**WHAT YOU ARE ASKED TO DO**
Please set down only the lines below starting with the line with "Fun fact: Bamboo" and going on through the line with "Hughes透過演繹詩歌 - 「聖誕節的十二天」創作了栩栩如生的動人插畫。", verbatim and without pictures.

**DATA EXTRACT**
——————————

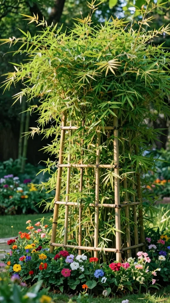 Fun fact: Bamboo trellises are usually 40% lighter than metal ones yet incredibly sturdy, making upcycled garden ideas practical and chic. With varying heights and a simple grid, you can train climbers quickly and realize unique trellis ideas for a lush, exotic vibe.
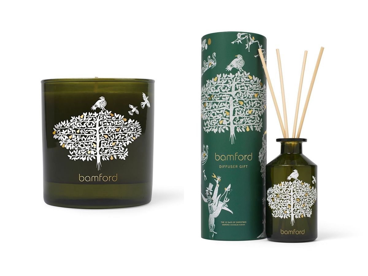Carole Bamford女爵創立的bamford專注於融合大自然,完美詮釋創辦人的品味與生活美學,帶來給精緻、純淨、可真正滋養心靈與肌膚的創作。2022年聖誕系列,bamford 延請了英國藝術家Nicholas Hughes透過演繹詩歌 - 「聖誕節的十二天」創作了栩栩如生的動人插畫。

——————————

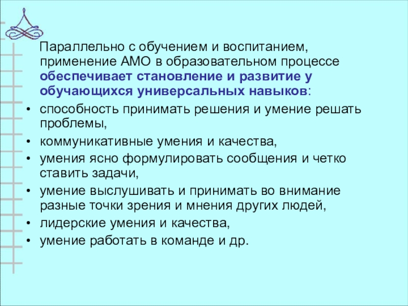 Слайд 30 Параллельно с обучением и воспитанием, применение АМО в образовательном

——————————

**SOLUTION FOR THIS TASK**
 Fun fact: Bamboo trellises are usually 40% lighter than metal ones yet incredibly sturdy, making upcycled garden ideas practical and chic. With varying heights and a simple grid, you can train climbers quickly and realize unique trellis ideas for a lush, exotic vibe.
Carole Bamford女爵創立的bamford專注於融合大自然,完美詮釋創辦人的品味與生活美學,帶來給精緻、純淨、可真正滋養心靈與肌膚的創作。2022年聖誕系列,bamford 延請了英國藝術家Nicholas Hughes透過演繹詩歌 - 「聖誕節的十二天」創作了栩栩如生的動人插畫。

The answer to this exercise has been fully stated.